Query about timer wheel API

From: imran . f . khan
Date: Sun Dec 22 2024 - 19:15:09 EST


Hello Thomas,

Could you kindly help me, regarding a query about timer wheel APIs.
Right now we use add_timer or add_timer_on, to add a timer to any
or to a specific CPU respectively.
Would it be useful to have an interface like try_add_timer_on, that
would return an error or would use add_timer, if the specified CPU is
offline.

Recently we have come across some bugs in the RDS code, where a delayed
work was being queued on an offlined CPU and as a result of that the
underlying timer was not firing, which in turn meant that the work was
never able to make it to the intended worker_pool.

I understand that this is something that needs fixing at caller side and
we are taking that approach.

But I also wanted to understand if there is some scope of change on timer
side, for such situations.
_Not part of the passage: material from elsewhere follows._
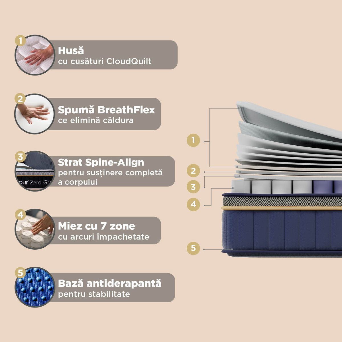 - Spuma respirabilă BreathFlex, asemănătoare latexului, asigură flexibilitatea optimă și circulația maximă a aerului, prevenind supraîncălzirea corpului în timpul somnului.

I saw your reply in [1] and agree with your point.
But that conversation is more than a decade old, so I thought of asking this
question, assuming that there may be some other use cases that can utilize
this new interface.

One can also ask to change queue_delayed_work_on or have an equivalent,
that would check if CPU is online before doing add_timer_on but I am not sure
if workqueue is the only subsystem that can run into this situation.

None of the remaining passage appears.